Needleless Jet Injected (J-Tip) Lidocaine in Children Undergoing Regional Anesthesia Prior to Knee Arthroscopy

Not Applicable

Completed

Brief Summary: Purpose of this study is to investigate the pain outcomes and satisfaction of pain relief for pediatric patients receiving needleless jet-injected (J-Tip) lidocaine prior to regional anesthesia with femoral and/or sciatic nerve block and general anesthesia for arthroscopic knee surgery compared to femoral nerve block and/or sciatic nerve block with needle injected lidocaine prior to regional and general anesthesia.

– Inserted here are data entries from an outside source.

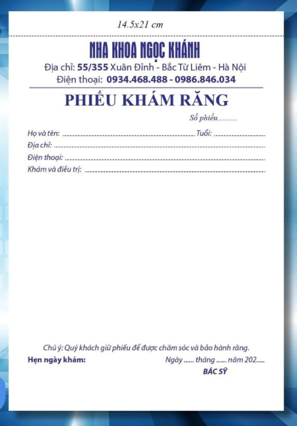 Là một địa chỉ in ấn được nhiều đối tác lớn nhỏ ghi nhận chất lượng dịch vụ và ấn phẩm in, In Hoa Long luôn cố gắng phát triển và hoàn thiện hơn nữa để hỗ trợ khách hàng hoạt động hiệu quả. Nếu bạn đang có nhu cầu in mẫu hóa đơn nha khoa, liên hệ với chúng tôi để được tư vấn.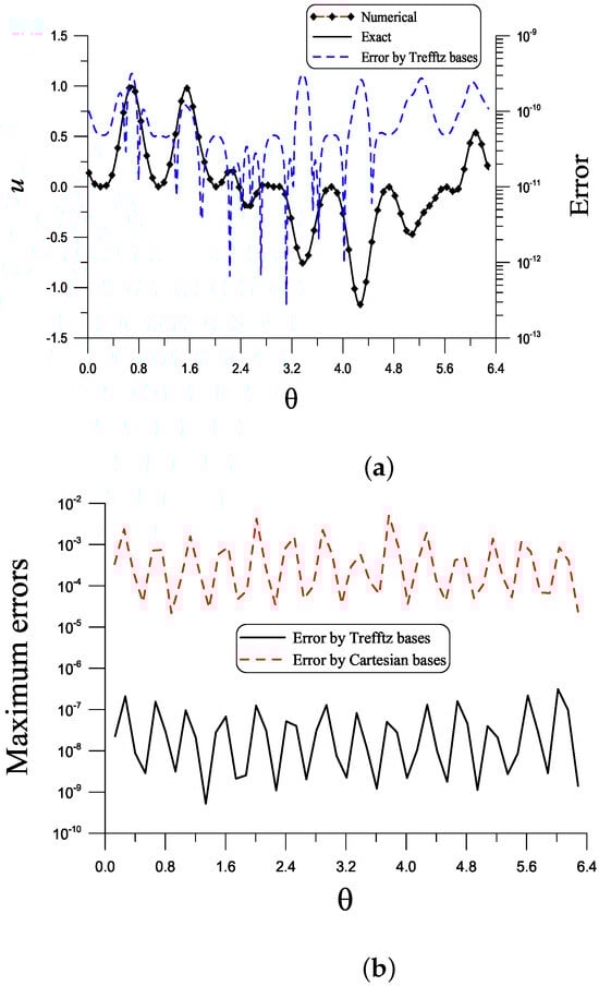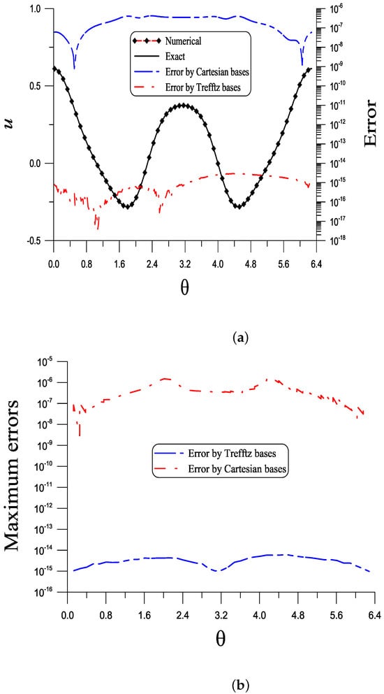 We impose the Dirichlet boundary condition for this problem, where collocated points are used to satisfy the boundary condition. By using the Cartesian bases in Equation (42), we take and with unknown coefficients. The resulting linear system is scaled by , such that all the column norms of the coefficient matrix of the linear system are equal to [29]. The dimension of the coefficient matrix is , and we apply the conjugate gradient method (CGM) to solve the resulting normal system with a convergence criterion . We test the accuracy at 2500 points in the domain. It does not converge within 10,000 steps and the maximum error (ME) in the entire domain is ME = and the root-mean-square error (RMSE) is RMSE = . The numerical and exact solutions are compared on the curve of , on which the maximum error is , as shown in Figure 2a by a dashed–dotted line.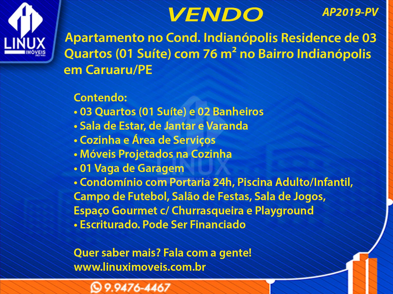 Apartamento no Cond. Indianópolis Residence em Caruaru/PE à Venda (AP2019-PV)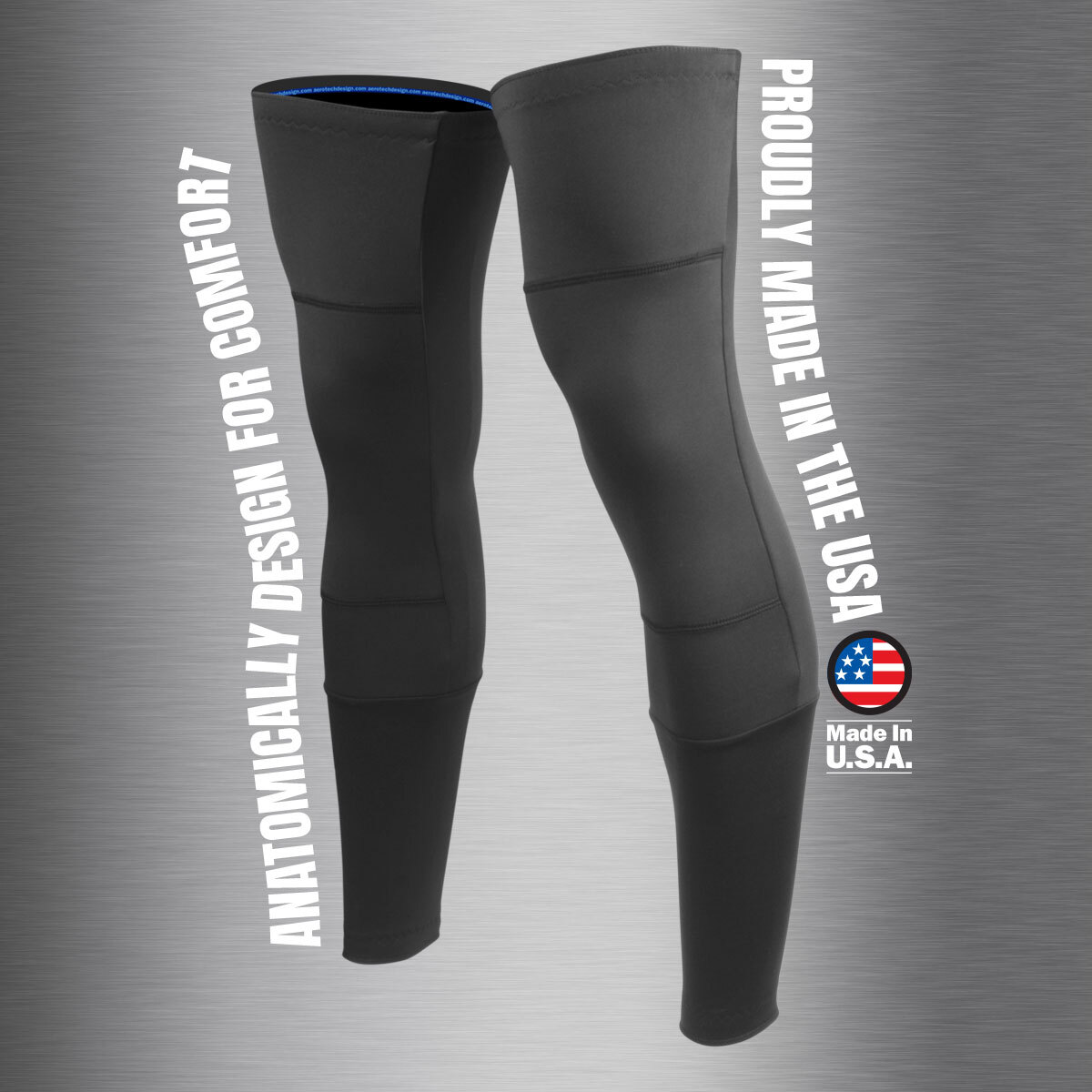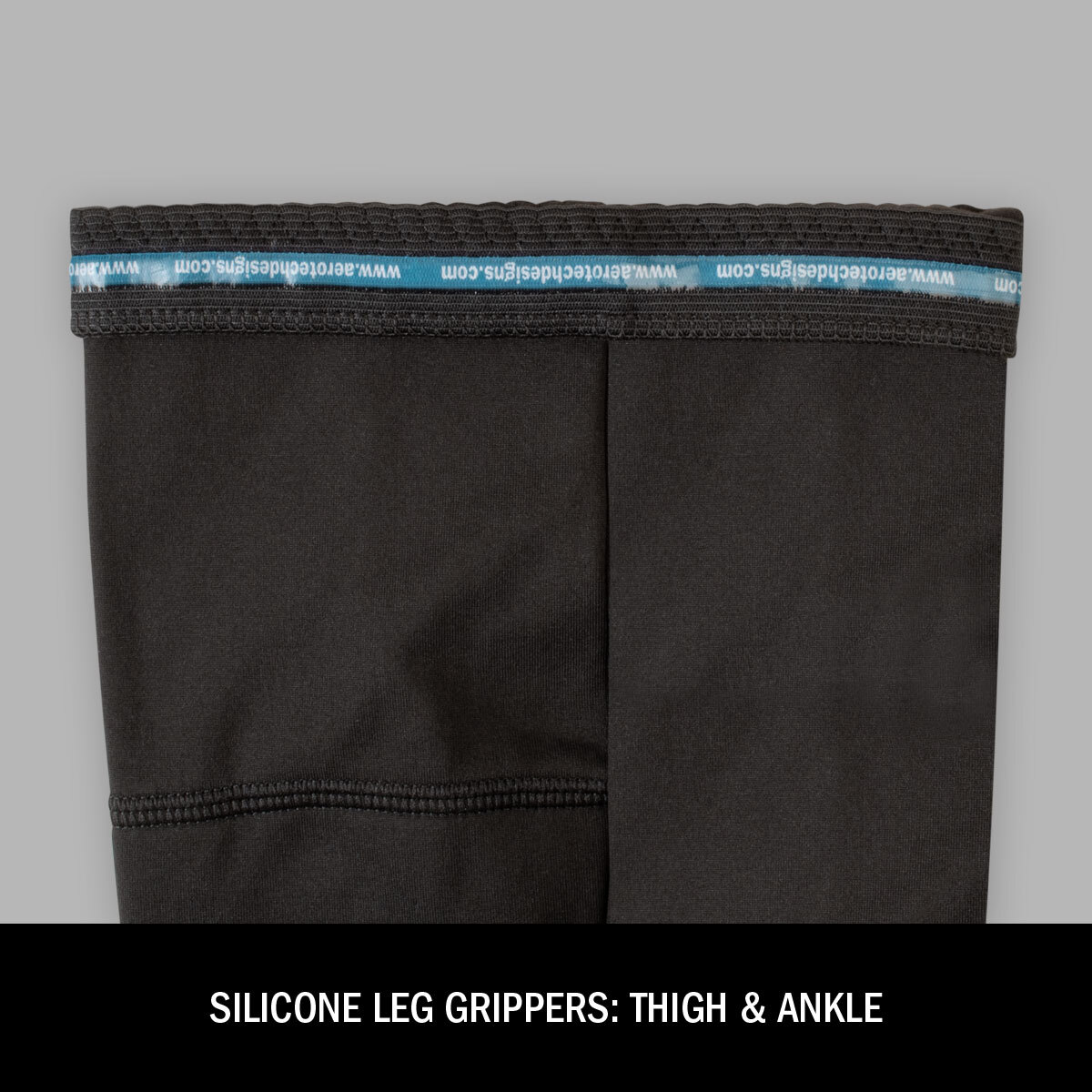 Silicone grippers at thigh and ankle keep the warmers securely in place without slipping

Detailed Description: The J-tip device has not been reported for use prior to regional block anesthesia prior to femoral or sciatic nerve blocks. The use of the J-tip device for lidocaine introduction prior to femoral or sciatic blocks at Arnold Palmer Medical Center has been up to the discretion of the anesthesiologist. It has been anecdotally reported at our institution to have equal or better pain relief for the regional nerve blocks as needle introduction of lidocaine.

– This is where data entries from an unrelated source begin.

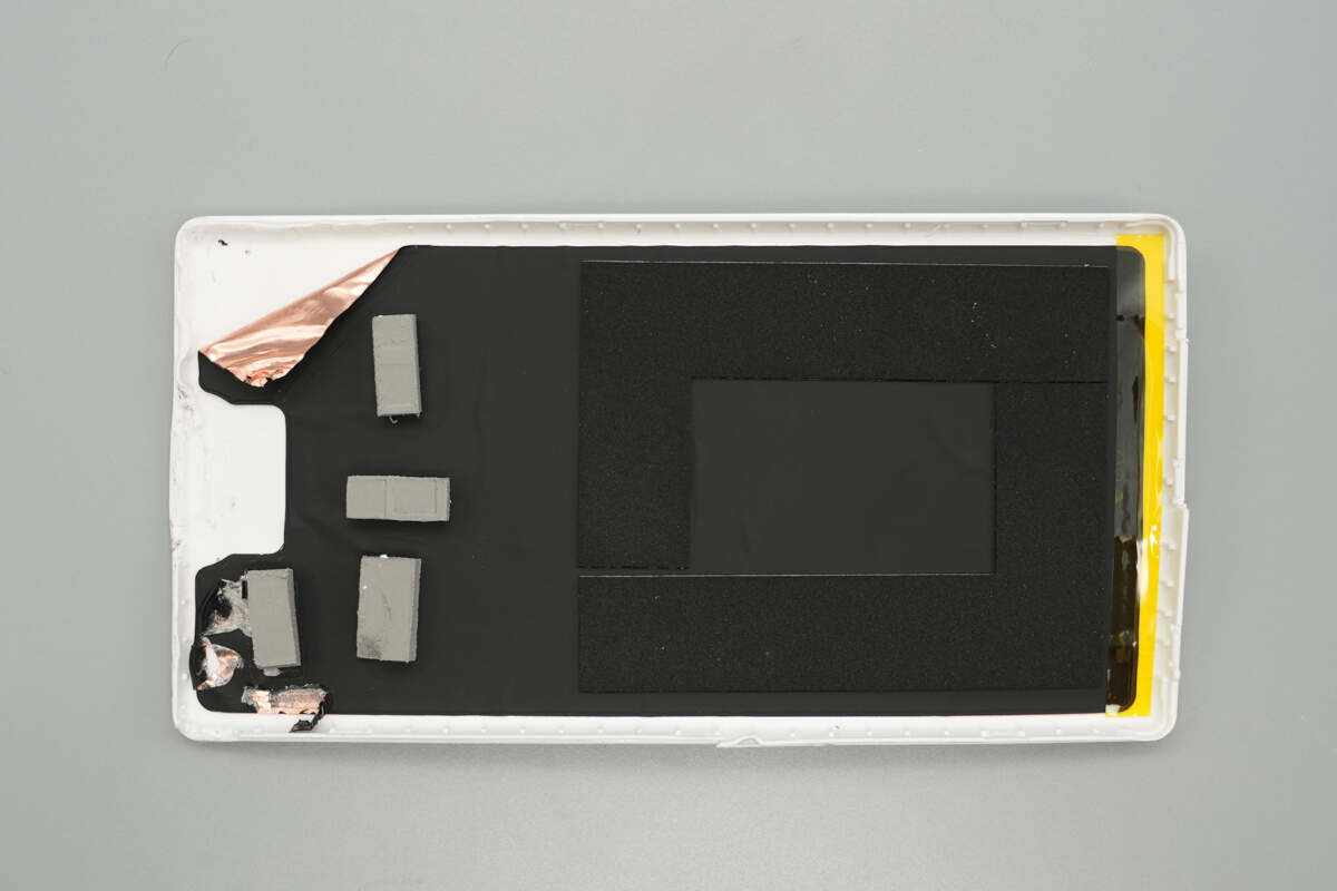 The other half of the casing, corresponding to the PCB area, is lined with graphite thermal tape.
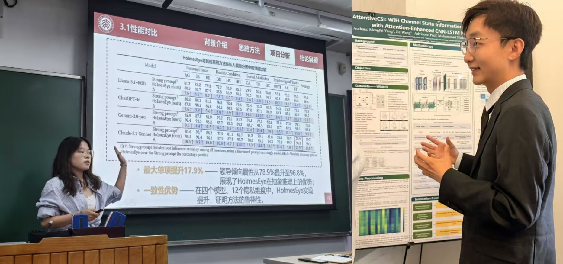 8位同学前往北京大学暑期学校,深入学习了脑机接口、大模型等前沿课程;另有5名同学分别赴德国亚琛工业大学、美国北卡罗来纳州立大学等知名高校参与科研项目。在导师的悉心指导下,同学们完成了多场学术汇报,积极参与论文撰写与成果展示,并在海报研讨会上进行交流与分享,在学术表达和国际视野方面均获得显著提升。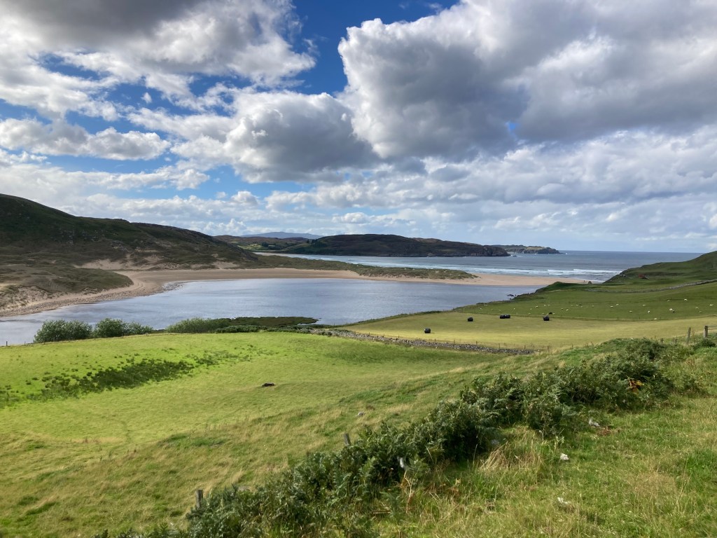 Coming out of lunch (soup roll and sandwiches very much appreciated), the rain descended, very hard. It was time again to don waterproof jackets and go for the descent. From here it was some 32 miles on to Bettyhill, decending via what was often a single track road (with ups and downs of course), through Altnahara & alongside Loch Naver & through a beautiful area known as Strathnaver. As we followed the river, passing through small hamlets and random dwellings, there were fabulous views across the Pentland Firth. Also magically, as we descended the rain cleared and the sun came out, – although still some 18 degrees colder than one week ago!

This study seeks to evaluate the difference in pain from local anesthetic infiltration with J-tip needleless injection device compared to needle injection by use of Visual Analog Scales.

* To evaluate efficacy of femoral nerve block after J-tip device lidocaine injection post operatively by use of Visual Analog Scales.

* To assess patient and parent satisfaction with J-tip device use by satisfaction questionnaire.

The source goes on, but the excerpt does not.